SUPPLIED MATERIAL below:
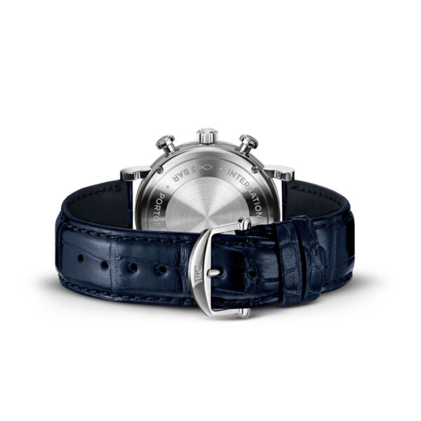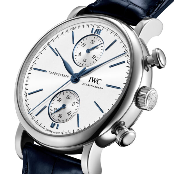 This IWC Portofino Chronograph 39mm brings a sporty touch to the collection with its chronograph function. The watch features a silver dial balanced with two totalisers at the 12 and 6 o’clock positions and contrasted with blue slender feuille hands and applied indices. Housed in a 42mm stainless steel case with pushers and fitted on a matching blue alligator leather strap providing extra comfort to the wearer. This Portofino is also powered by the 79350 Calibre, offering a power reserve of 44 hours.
End of SUPPLIED MATERIAL.
SUPPLIED MATERIAL below:
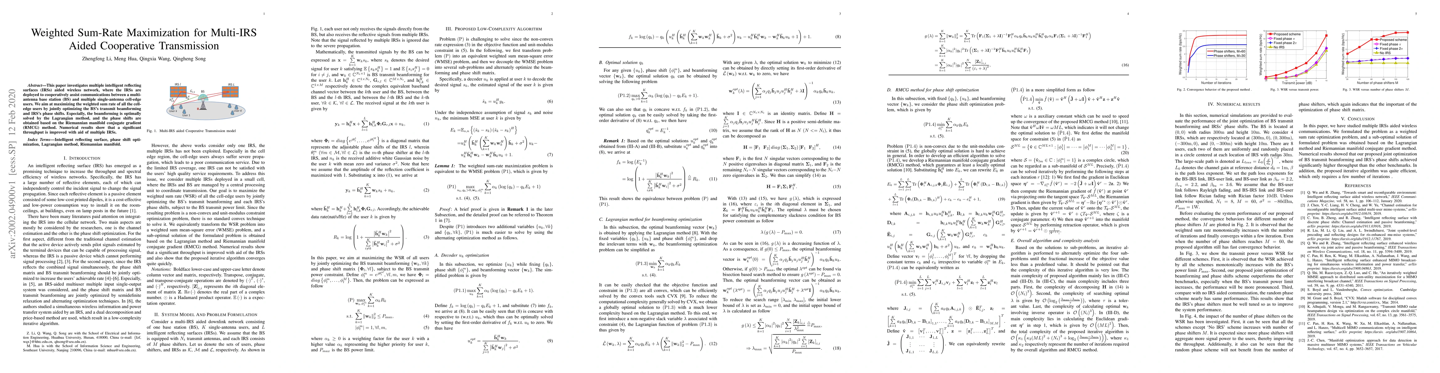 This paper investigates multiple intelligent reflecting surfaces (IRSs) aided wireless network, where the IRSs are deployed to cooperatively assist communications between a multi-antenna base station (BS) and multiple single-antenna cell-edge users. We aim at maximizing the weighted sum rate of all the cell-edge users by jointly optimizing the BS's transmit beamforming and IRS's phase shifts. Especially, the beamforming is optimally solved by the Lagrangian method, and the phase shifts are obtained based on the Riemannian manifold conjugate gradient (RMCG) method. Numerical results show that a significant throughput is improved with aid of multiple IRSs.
End of SUPPLIED MATERIAL.
SUPPLIED MATERIAL below:
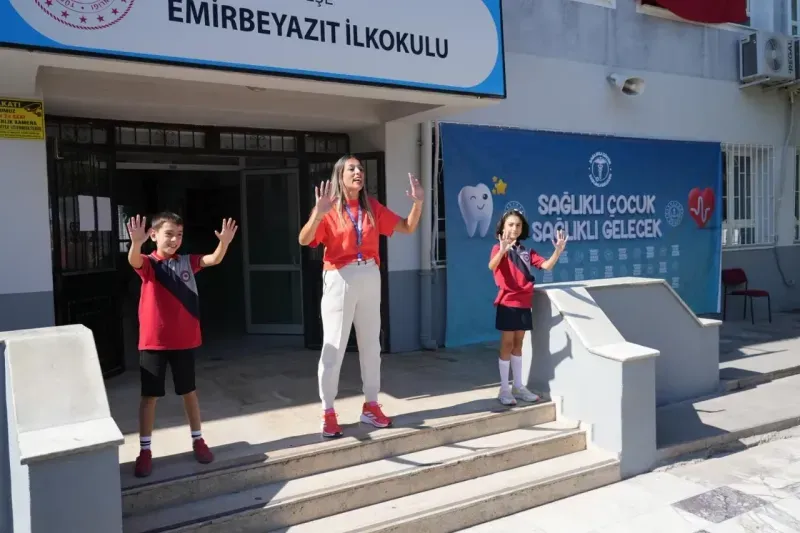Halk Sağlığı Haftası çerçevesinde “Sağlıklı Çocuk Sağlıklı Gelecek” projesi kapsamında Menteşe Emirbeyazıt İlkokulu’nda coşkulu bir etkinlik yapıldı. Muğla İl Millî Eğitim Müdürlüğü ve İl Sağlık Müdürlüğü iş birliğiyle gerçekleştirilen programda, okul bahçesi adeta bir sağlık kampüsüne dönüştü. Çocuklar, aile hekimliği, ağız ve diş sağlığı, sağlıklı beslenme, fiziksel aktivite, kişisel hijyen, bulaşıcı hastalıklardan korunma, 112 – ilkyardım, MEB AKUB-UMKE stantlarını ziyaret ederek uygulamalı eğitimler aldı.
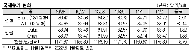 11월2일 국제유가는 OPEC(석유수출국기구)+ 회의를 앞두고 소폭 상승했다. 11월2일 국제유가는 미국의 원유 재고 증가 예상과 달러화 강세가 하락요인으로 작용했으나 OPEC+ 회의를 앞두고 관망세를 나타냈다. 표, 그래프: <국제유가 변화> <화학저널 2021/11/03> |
End of SUPPLIED MATERIAL.
## YOUR ASSIGNMENT
"Halk Sağlığı Haftası" marks the first line to copy, and "11월2일 국제유가는 OPEC(석유수출국기구)+" marks the last. Repeat that stretch above exactly, with no pictures.

## ANSWER SPACE
Halk Sağlığı Haftası çerçevesinde “Sağlıklı Çocuk Sağlıklı Gelecek” projesi kapsamında Menteşe Emirbeyazıt İlkokulu’nda coşkulu bir etkinlik yapıldı. Muğla İl Millî Eğitim Müdürlüğü ve İl Sağlık Müdürlüğü iş birliğiyle gerçekleştirilen programda, okul bahçesi adeta bir sağlık kampüsüne dönüştü. Çocuklar, aile hekimliği, ağız ve diş sağlığı, sağlıklı beslenme, fiziksel aktivite, kişisel hijyen, bulaşıcı hastalıklardan korunma, 112 – ilkyardım, MEB AKUB-UMKE stantlarını ziyaret ederek uygulamalı eğitimler aldı.
 11월2일 국제유가는 OPEC(석유수출국기구)+ 회의를 앞두고 소폭 상승했다. 11월2일 국제유가는 미국의 원유 재고 증가 예상과 달러화 강세가 하락요인으로 작용했으나 OPEC+ 회의를 앞두고 관망세를 나타냈다. 표, 그래프: <국제유가 변화> <화학저널 2021/11/03> |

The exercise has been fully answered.